John Ozimek, associate director at Mi liberty

John Ozimek, associate director at Mi liberty

The issues surrounding the environment and climate change are something that marketeers have been weaving into campaigns all around us for some time.

Today, it’s almost impossible to see an advert for a car without knowing exactly what its carbon emissions are; large corporations have quickly shifted into green gear as they try to capture the global zeitgeist. Yet while auto companies have had a green agenda for a long time, for the mobile telecoms industry, it’s something that is relatively new and delicate to deal with.


Green V Cheap

For all the noise being made in the media about eco-friendly gadgets and saving the planet one product at a time, consumers are still resistant to making major changes to their shopping habits.
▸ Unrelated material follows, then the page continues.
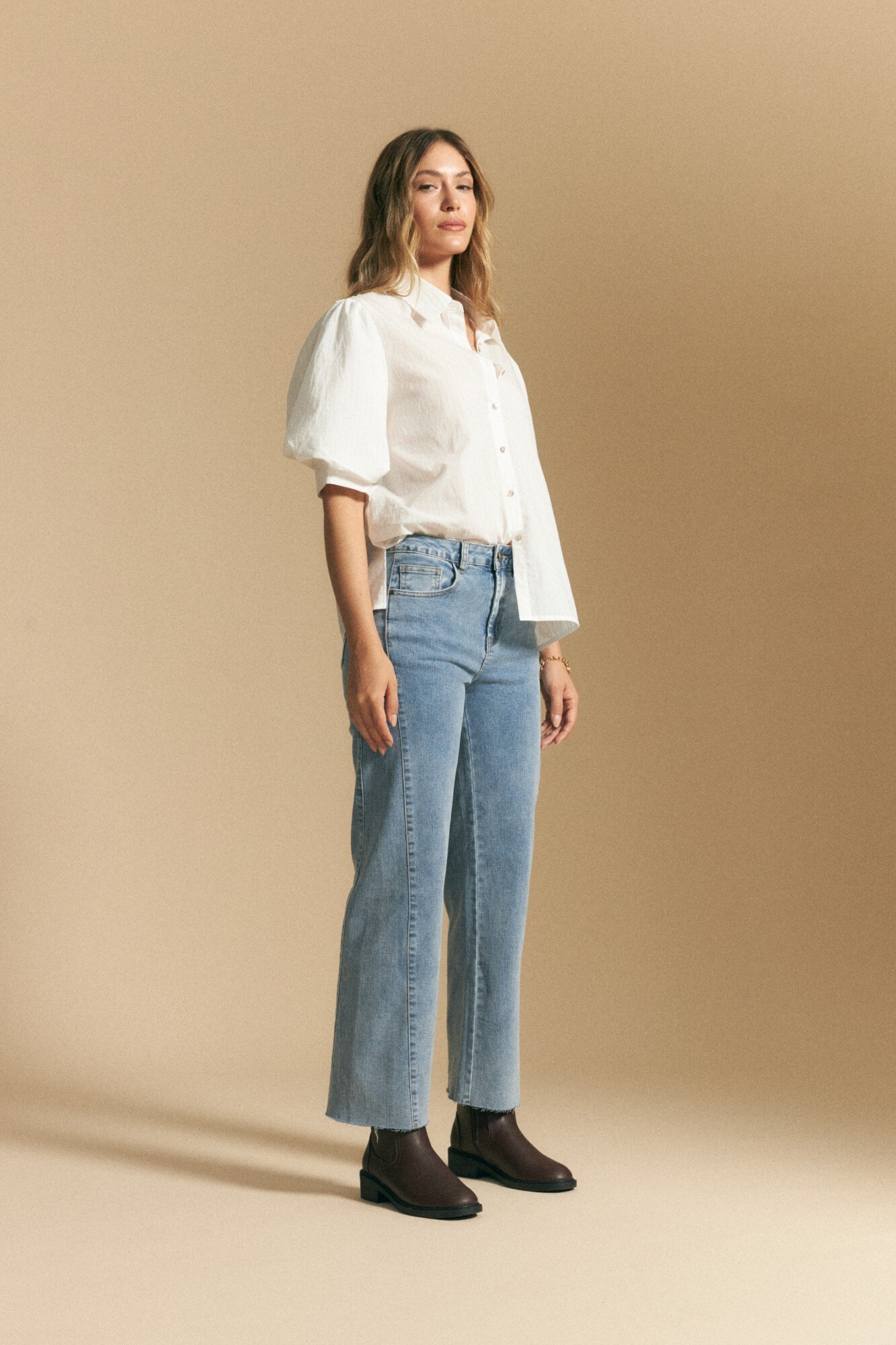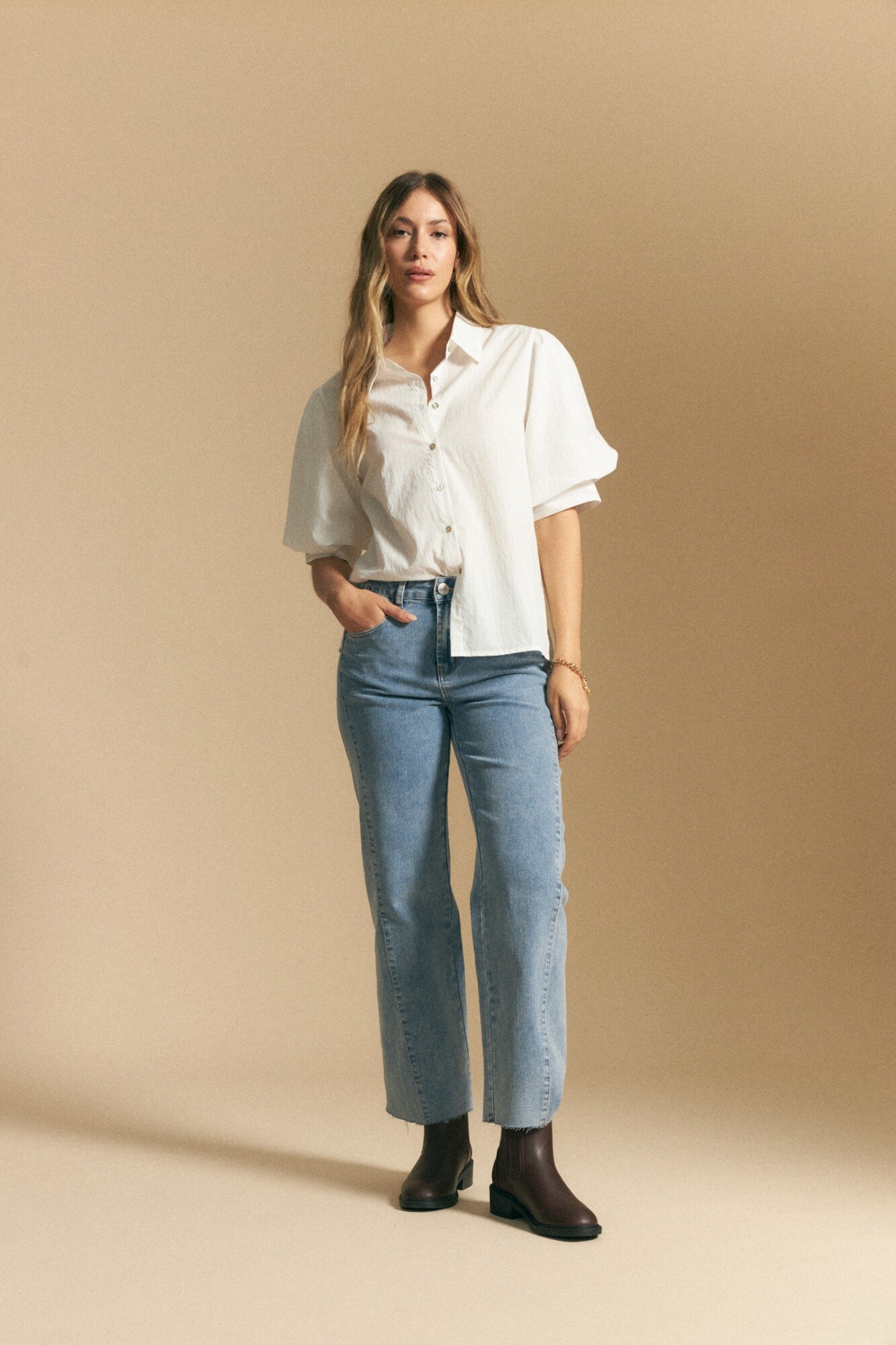 Jean recto de tiro medio confeccionado en denim elastizado que combina estructura y comodidad. Su calce de pierna recta mantiene la esencia clásica del denim, mientras que la elasticidad del tejido aporta mayor libertad de movimiento y un ajuste confortable durante todo el día. Un básico versátil que se adapta fácilmente a distintos estilos y ocasiones.

Witness what has happened over the past year in the UK; as the economic downturn began to bite, major companies saw consumers switch from premium ‘green’ products to less environmentally friendly, cheaper ones. Sales of organic produce slumped as shoppers changed to economy ranges; as soon as wallets are hit, thinking and buying green is seen as a nice to have, rather than something essential.
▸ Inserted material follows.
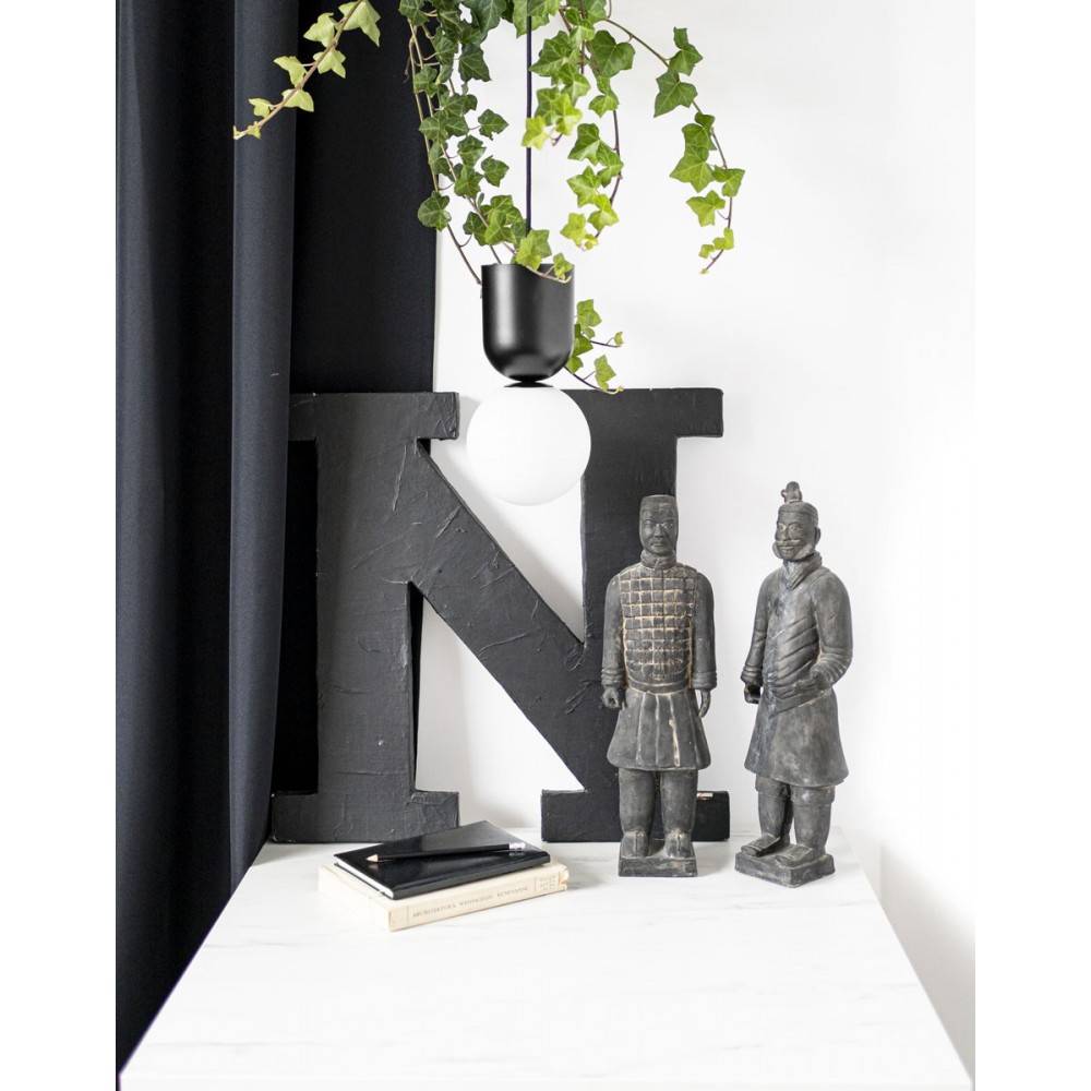 La lampada Luoti è costituita da un corpo in metallo verniciato a polvere e da un paralume in vetro con finitura lattiginosa. La delicata sfera (⌀15 cm) contrasta con il solido corpo cilindrico, creando un duo coeso e moderno. Il tutto è sospeso da un cavo intrecciato in poliestere (98,5 cm). La sorgente luminosa è una lampadina LED intercambiabile con attacco G9 (max 12W), che consente di regolare facilmente l'intensità dell'illuminazione a seconda delle esigenze.

What’s happening here is that we are trying to change deeply ingrained habits, which is a tough marketing challenge. In survey data released in December, US organisation, the Consumer Electronics Association, found that more than half of consumers surveyed plan to consider green issues when buying gadgets in the coming year, and 33% said they expected to make some kind of purchase based on green credentials in the next two years. That’s at least a start.

Mobile phone companies are certainly responding to this growing trend; at this year’s Mobile World Congress in Barcelona there were green handsets on show from Motorola, Samsung and ZTE. Nokia has created a mobile app to let users track their energy consumption and calculate their carbon footprint, and Sony Ericsson has created a concept phone that is fully biodegradable.


Controlling caveats

Of course, a few environmentally friendly handsets are really a drop in the ocean in an industry which expects to sell about a billion handsets this year. Get under the skin of consumer thinking, and the expectations of thinking and buying greener products start to get bogged down with all kinds of caveats; the price has to be right, it has to be from a trusted brand, from a trusted retailer, with the same quality, performance and looks as the less green alternative. No wonder that mobile technology companies would rather focus on things that are making them money right now. than gambling on the fickle mores of consumers.

But nevertheless, the CEA poll found that 65% of consumers think that it’s important for consumer electronics to have some kind of green credentials. I think it’s time for companies to take another look at how they market their green credentials, and this goes for the biggest manufacturers as well as the smallest retailers.

Every company is most likely doing something to reduce the impact of their business or products, even if all that means is that they have installed recycling bins around the offices. Consumers react well to companies who they see as making an effort; it’s human nature to appreciate someone who is seen to be trying just that bit harder than the competition.


Trumpet blowing

I think that there’s plenty of scope for companies to let their customers know exactly what they are doing to make their businesses, and by association their products, greener. For example, Nokia spends millions on marketing its handsets every year; how much does it spend letting people know that it has created a handset recycling program that spans 5000 collection points in 84 countries? That’s something that would certainly make me consider a Nokia handset next time I’m due an upgrade, as I’m one of the many people who seems to end up with a drawer full of old phones and no idea of what to do with them.

There’s plenty of research that shows that consumers would respond to a logo or description that would show them the environmental credentials of a product. So there is a massive opportunity for the whole industry to really take the lead and define standards that will help consumers make the right choices.

Something I have discussed with a few clients is the idea of measuring the factoryto- store carbon footprint of a device, so that consumers can see not only if the gadget itself has any eco credentials, but also that it has been sourced and manufactured in a responsible way.

So its time for mobile to wake up and smell the organic, fairtrade coffee. Green isn’t going away anytime soon. Let’s make sure consumers understand the efforts we are all making to deal with waste, to source responsibly, to create new devices which use less power and can be recycled more easily. Add this information to websites so it’s easy to find; make sure that when a product uses recycled packaging, there is a logo there to tell them. Little things like this can and will add up to make a real difference, as long as everybody gets on board.

If the mobile industry really is going to make itself greener, then there are going to be tough choices ahead, and we’ll need consumers on our side. That’s a marketeer’s rallying call if ever I heard one. Who’s with me?